Follow `_FakeLidar` pattern (line 328-339) for `_FakeSonarPoller`.

TestSonarPoller:
- `test_returns_none_initially`
- `test_valid_reading_cached` (mock getDistance()=350)
- `test_garbage_99999_rejected`
- `test_garbage_zero_rejected`
- `test_stale_reading_returns_none` (>500ms)
- `test_stop_sets_flag`

TestSonarEstop:
- `test_sonar_triggers_estop_on_close` (150mm < 30cm threshold)
- `test_sonar_no_estop_when_far` (500mm > 30cm)
- `test_sonar_no_estop_when_unavailable` (None → no ESTOP)
- `test_sonar_none_when_no_poller` (sonar_poller=None)

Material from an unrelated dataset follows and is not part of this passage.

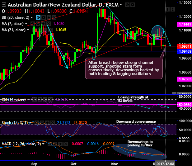 Ever since the channel support was breached, we’ve seen more bearish interests than the buying interests. Shooting stars occur at 1.1074 and 1.1062 levels consecutively (refer daily plotting), the downswings are backed by both leading & lagging oscillators on this timeframe.

**`services/annie-voice/tests/test_robot_tools.py` — ~3 new tests:**
- `test_navigate_sonar_passed_to_prompt`
- `test_navigate_sonar_unavailable_continues`
- `test_navigate_sonar_blocks_safe_forward`

### Phase 5b: Visual Return-to-Start (`services/annie-voice/robot_tools.py`)

**Concept: Visual Teach-and-Repeat.** During outbound navigation, the car already captures a camera image each cycle. Store these as waypoints. On return, use VLM to compare current view against stored waypoint images (in reverse order) and navigate toward each one.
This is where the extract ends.